> [EXERCISE DATA]:
☆ ☆ ☆ ☆ ☆
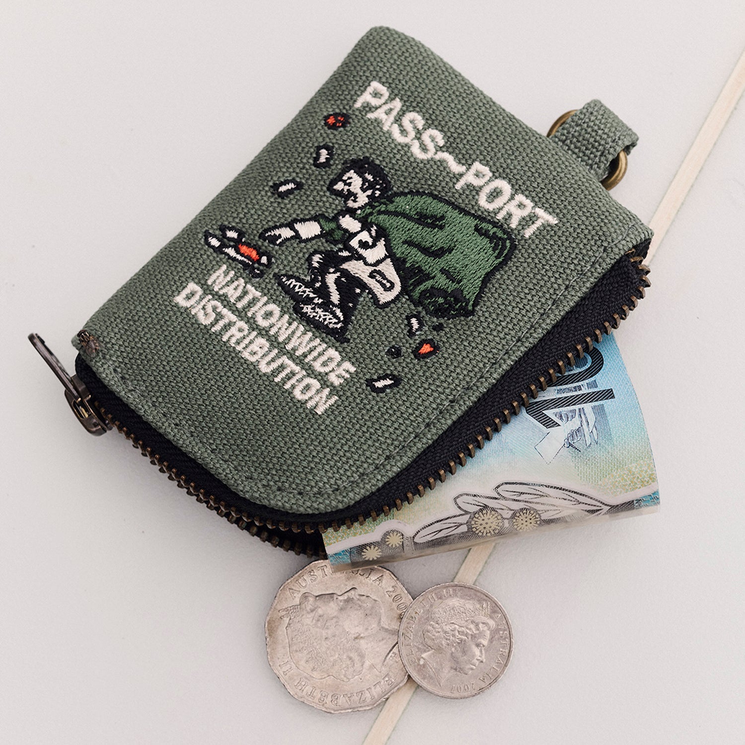 Pass~Port Distribution Coin Pouch is part of the kitsch selection for range #46. Made from heavy canvas featuring embroidery design on front and back, YKK zip and attachable D-ring.
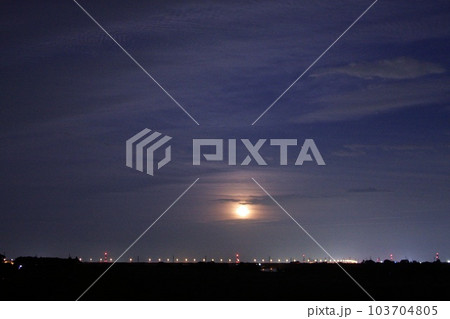 利根川に架かる夕刻の新上武大橋を舞台に2023年の6月の満月ストロベリームーンが顔を出す。
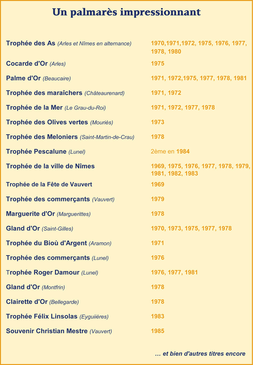 Son palmarès est élogieux et suffit à mesurer l’impact de Patrick sur la course camarguaise, il n’y a que Sabri Allouani pour avoir fait mieux.
☆ ☆ ☆ ☆ ☆
Each line above should be printed again exactly, though the pictures should not be.

 Pass~Port Distribution Coin Pouch is part of the kitsch selection for range #46. Made from heavy canvas featuring embroidery design on front and back, YKK zip and attachable D-ring.
 利根川に架かる夕刻の新上武大橋を舞台に2023年の6月の満月ストロベリームーンが顔を出す。
 Son palmarès est élogieux et suffit à mesurer l’impact de Patrick sur la course camarguaise, il n’y a que Sabri Allouani pour avoir fait mieux.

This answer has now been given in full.